16 January 2006
US Catholic Worker Community draws spotlight on Guantanamo
Ecumenical News International
Cheryl Heckler
Oxford, Ohio (ENI). A group of 25 people based in a Catholic Worker Community in New York City have drawn international attention for their protest against the US policy on the Guantanamo Bay detention camp.
Members of the group, known for its support of non-violence, launched Witness Against Torture, a campaign which culminated in a protest and prayer vigil in mid-December outside the prison camp at the US naval base in Cuba where an estimated 500 prisoners from more than 30 countries are held. The group plans to hold a protest in Washington DC on Ash Wednesday, 1 March. They also are writing letters to prisoners at the camp.
The trip was especially poignant for protester Frida Berrigan, the 31-year-old daughter of the late Philip Berrigan, whose non-violent, religious-based protests against the Vietnam War in the 1960s spurred a nationwide response and got him listed on the FBI's 10 Most Wanted List.
"In the war on terror, these prisoners are clearly victims - the most vilified and, in one sense, the most abused," Berrigan told Ecumenical News International. "We felt really called to respond."
The trip included a 107 kilometre (60 miles) walk from the city of Santiago de Cuba to the US military facility. Prisoners within the facility learned of the protest from Arabic language newspapers and visiting attorneys.
"We wanted the prisoners to know that there were ordinary people in the US who wanted to respond person-to-person and to say, 'We don't see you as the enemy. We are suffering because of the treatment you are receiving'."
As the controversial detention of "enemy combatants" enters its fifth year, US President George W. Bush shows no sign of closing the site. On 13 January he rejected a suggestion by Germany's visiting chancellor, Angela Merkel, that the prison camp be shut down.

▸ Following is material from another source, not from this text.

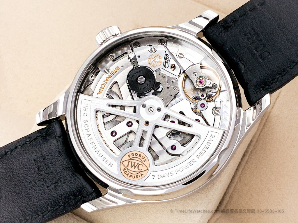 內部搭載 IWC 自製 52010 自動上鍊機芯,配備雙發條盒,動力儲存長達 7 日。具備比勒頓自動上鍊系統與陶瓷零件,確保耐用性與效率,並透過透明底蓋可見精緻打磨。
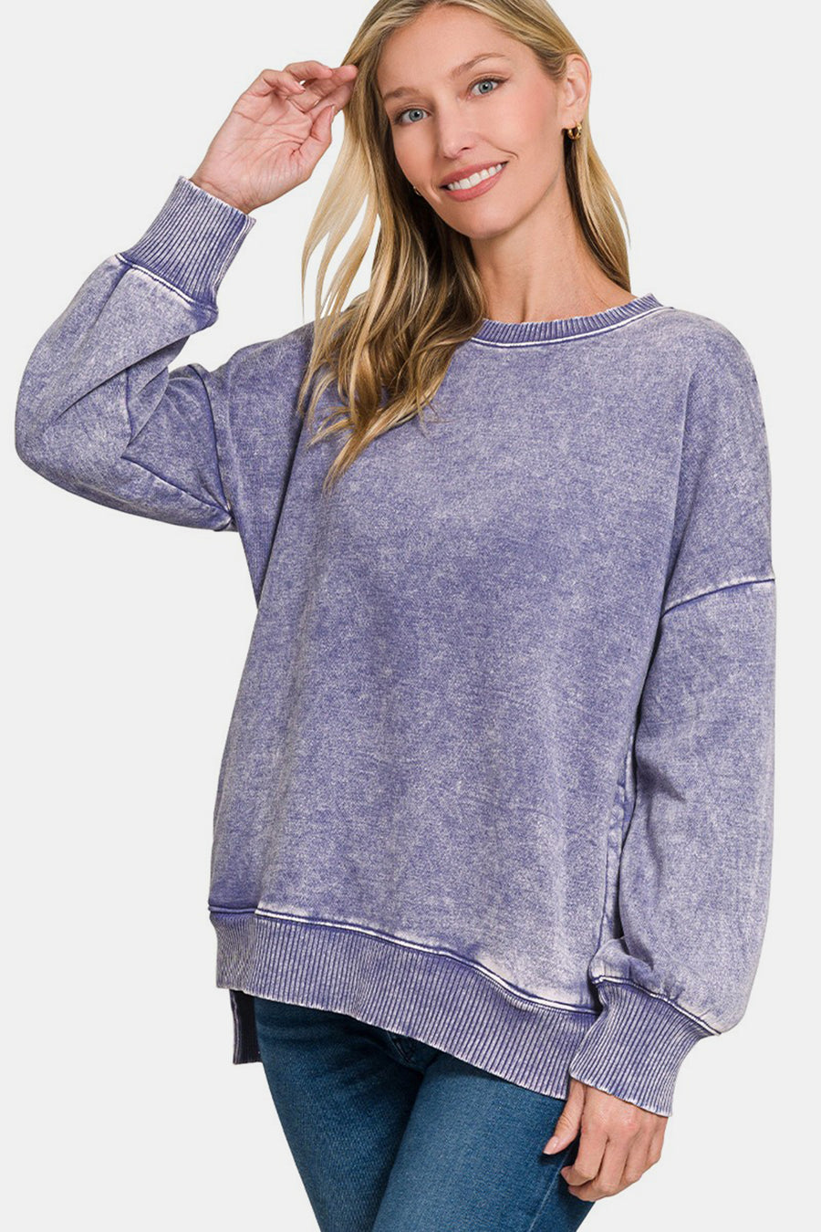 Zenana Pigment Dye Fleece Hi-low Hem Sweatshirt With Pocket

Witness Against Torture joins Amnesty International, the US National Council of Churches, the American Jewish Committee, the Islamic Circle of North America and Human Rights Watch in opposing the US policy. Established 100 years ago in the south-east of Cuba, Guantanamo Bay is the oldest overseas base of the United States, which exercises complete jurisdiction and control over the military base under a perpetual lease signed by Cuba and the US in 1903.